§ **TASK DESCRIPTION**
Print all of the entries exactly, minus the pictures.

::: INPUT FOR THIS TASK

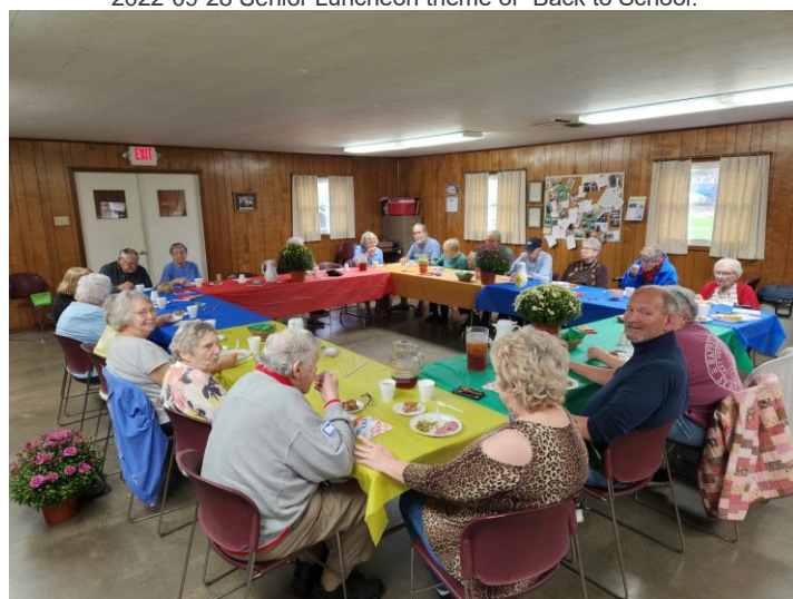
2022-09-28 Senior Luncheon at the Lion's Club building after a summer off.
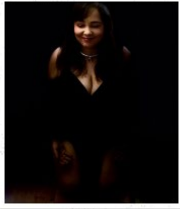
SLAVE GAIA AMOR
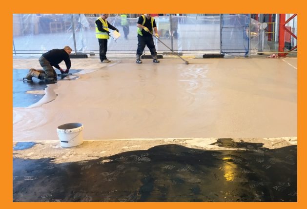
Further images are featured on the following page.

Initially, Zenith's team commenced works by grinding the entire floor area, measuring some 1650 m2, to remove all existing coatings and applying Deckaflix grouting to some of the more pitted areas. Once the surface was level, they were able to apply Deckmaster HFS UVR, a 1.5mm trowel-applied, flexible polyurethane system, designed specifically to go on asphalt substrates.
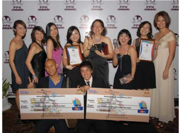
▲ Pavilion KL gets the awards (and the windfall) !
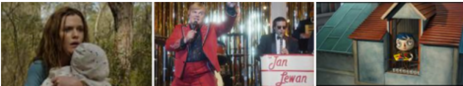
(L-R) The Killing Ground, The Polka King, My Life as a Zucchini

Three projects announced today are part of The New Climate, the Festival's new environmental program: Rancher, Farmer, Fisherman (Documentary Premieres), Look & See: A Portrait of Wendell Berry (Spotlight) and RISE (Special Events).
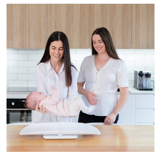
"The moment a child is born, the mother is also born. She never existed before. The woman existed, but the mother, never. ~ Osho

::::::

§ **WORKED SOLUTION**
2022-09-28 Senior Luncheon at the Lion's Club building after a summer off.
SLAVE GAIA AMOR
Further images are featured on the following page.

Initially, Zenith's team commenced works by grinding the entire floor area, measuring some 1650 m2, to remove all existing coatings and applying Deckaflix grouting to some of the more pitted areas. Once the surface was level, they were able to apply Deckmaster HFS UVR, a 1.5mm trowel-applied, flexible polyurethane system, designed specifically to go on asphalt substrates.
▲ Pavilion KL gets the awards (and the windfall) !
(L-R) The Killing Ground, The Polka King, My Life as a Zucchini

Three projects announced today are part of The New Climate, the Festival's new environmental program: Rancher, Farmer, Fisherman (Documentary Premieres), Look & See: A Portrait of Wendell Berry (Spotlight) and RISE (Special Events).
"The moment a child is born, the mother is also born. She never existed before. The woman existed, but the mother, never. ~ Osho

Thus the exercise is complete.